Saturday, July 25, 2009

my yeh yeh and having late watermelon juice.

two weeks ago at this time, i was right here.
at this computer, doing my work.

i posted an angry post here because i was frustrated at alot of things.
i took it down again.

in 3 more hours, it will be exactly two weeks since my granpa passed away.

i saw him take his last breath.
i was right there by his bed.
it is by far the scariest thing ever, but yet it is a memory i don't want to let go off.

something in me died when the doctor officially pronounced him dead.
:(

and the next few days weren't that easy either.

i miss and love my granpa alot.

i'm so angry with myself because i should have spent more time with him when he was still conscious. and that was probably like, a week or two before his passing.

my house is just one block behind and yet i think i can say i spend the least time with him then.

the last long conversation i remember having with my granpa before him being sick was when he drove me to training one day, he was telling me how good a sportsman he once was, and that he was happy that i was active in sports too.

and that was in april -_-

going to church on sundays is weird too, not seeing my yeh yeh there anymore.
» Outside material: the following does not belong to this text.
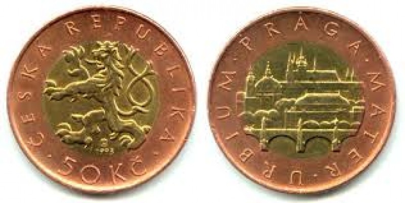 Jedna kovová mince - 50 korun českých

well, our lives go on, we know yeh yeh's in a better place.

i have since been very busy.
and honestly the most stressed out i've ever been.
and i'm not going to do well for my term exam, and i might as well say finals too.

it took me awhile to post this, but i wanted my first update since my yeh yeh's passing to be about him, for me to remember in the coming years.

thanks to some for being there, it really helped alot.